Despite the battle to sustain our council’s services, one finds many facilities stretched to breaking point, with no obvious solution, yet the higher authorities pay no heed!
Once the developers have poured their quart into our pint pot, it will be too late to call them to account.
But then, they won’t have to live with the consequences of their failure to leave farmland to continue to be farmed.
G W Richards
to help us
Mr Voges makes a convincing argument when he refers to the UK standing “without friends to support us” when “Argentina reoccupies the Falklands” (LP Letters, All this for a spurious notion, October 9).
Who could ever forget the splendid sight of warships from our European partners joining the Task Force as it sailed for the South Atlantic, and standing shoulder-to-shoulder with the Royal Navy as troops were landed in the face of Argentinian air attack to liberate the islands?
Except, of course, it didn’t happen.
New Zealand made available two warships, Canterbury and Waikato, to relieve Royal Navy vessels on station in the Indian Ocean in order to release them for Task Force duties, while our European comrades provided nothing in the way of military support.
French technicians were, however, present in the area throughout the war, helping to maintain and fit Exocet missiles to the Argentinian fleet of Super Etendard aircraft, one of which crippled HMS Sheffield, while a second sank Atlantic Conveyor.
Whatever the merits or otherwise of Mr Voges’ argument, the events of 1982 hardly represent a shining example of the support that the UK might expect from our European friends.
Voting Tory to preserve Brexit
Now that Labour has admitted they intend to call a second EU referendum if they win the next general election, all Leave voters should vote Conservative or UKIP in the next election.
This should be the case even if they are traditional Labour voters because Labour are trying to reverse a democratic vote.
They have shown their true colours and laid their cards on the table, proving to actually be a Remain Party.
One MP even threatened a general strike to try to force an early pre-Brexit election to try to derail Brexit.
That is taking us back to the bad old days of the 1970s.
If this did go ahead, any union members that voted Leave should flatly refuse to strike on the Brexit issues.
I say this being a former union man and former Labour voter who is prepared to vote Tory in order to preserve Brexit.
R N Coupe
Support our local traders
Re: Chorley.

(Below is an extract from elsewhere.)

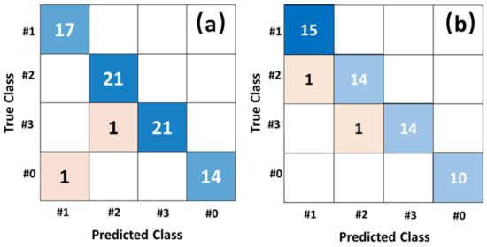 (a) The confusion matrix of the 2D CNN and (b) the confusion matrix of the 1D CNN.

A recent article on Market Towns had the following to say: “Old fashioned and attractive, with retro charm, market towns are the Morris Travellers of this world.
“Typically they are full of independent shops and cafes, where young and old mix, giving them an inclusive quality you seldom find elsewhere.
“If you walk into a market town to do some shopping and have a coffee, you can guarantee you’ll end up chatting and getting to know people”.
Remind you of somewhere?
Let’s hope that the new developments to Market Walk don’t detract from the things we hold dear!
Please continue to support your local traders and help to fill those empty shops, before we lose our high street, like so many other towns are now doing.